Blog by Sumana Harihareswara, Changeset founder
On A Fraught Word
Hi, reader. I wrote this in 2016 and it's now more than five years old. So it may be very out of date; the world, and I, have changed a lot since I wrote it! I'm keeping this up for historical archive purposes, but the me of today may 100% disagree with what I said then. I rarely edit posts after publishing them, but if I do, I usually leave a note in italics to mark the edit and the reason. If this post is particularly offensive or breaches someone's privacy, please contact me.
(This is a blog post specifically aimed at people who aren't in or from the United States and who have conversations with people from the US, especially online. Also, content note: I explain what lynching is and why it's a bad idea to joke about it, with examples.)

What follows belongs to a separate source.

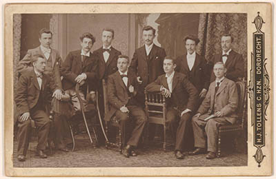 Groepsportret van een onbekend gezelschap jongemannen; 4 …

Sometimes when people are joking about vigilante justice, they might use the word "lynch," like "we ought to lynch so-and-so," and think it is a harmless and hyperbolic way of saying "we ought to punish them". As a person who likely (if you are reading this blog) cares about inclusivity and social justice, you probably should not use this term in this way. While some people certainly think it has that generic and benign meaning, in the US (the country whose history I know best), it mostly means white people getting together in mobs to kill black people -- for succeeding, for daring to buy houses or vote, or simply for anything deemed unacceptable by those angry racist mobs. It very rarely still happens here, but it was a more common occurrence not so long ago, such that the history and ramifications of this particular form of race-based terrorism are still very present in the American conscience.

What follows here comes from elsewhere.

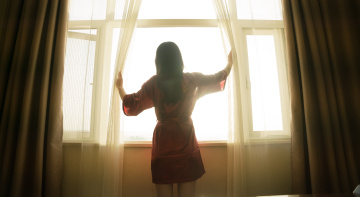 月亮从地平线上升起,她变得柔和并缓缓转动。直到晨星开始与之争辉,朝露吹进了我们的车窗。

In the summer of 1955, Emmett Till, a 14 year old black boy from Chicago, was spending the summer with family members in Mississippi, when he was suddenly accused of breaking the South's unwritten rules of interracial conduct by catcalling a white woman. He was abruptly apprehended by an angry white mob, tortured, and lynched. His mother asked for him to have an open-casket funeral, so people could see the extent of the battering and butchery, and newspapers around the country published the photos. This raised the consciousness of Americans across the nation and helped to spur the movement for civil rights in the United States.
More recently: in the 1990s, a black man (Clarence Thomas) was nominated to be a US Supreme Court justice. Anita Hill, an accomplished black female lawyer and Thomas's former employee, came forward and publicly stated that he had sexually harassed her. This accusation, and the subsequent televised judicial hearings, were a watershed moment that brought the issue of workplace sexual harassment into widespread national debate. Thomas responded to the accusations by calling them "a high-tech lynching". Hill was alternately applauded and attacked; however, the hearings ultimately proved no obstacle for Thomas, as the legislature went on to confirm his appointment. Twenty-five years later, Justice Thomas still sits on the US Supreme Court.
I know the basic facts above from memory, and those of us who were raised in the USA basically know much of this stuff by heart as part of the history of hate crimes. So that's the kind of shit that we are reminded of when someone jokes about lynching, and why you probably just shouldn't do it around us.
(Thanks to Camille Acey for suggesting revisions that improved this piece. And thanks to the white person I spoke with on this point in private conversation; I adapted that conversation into this post.)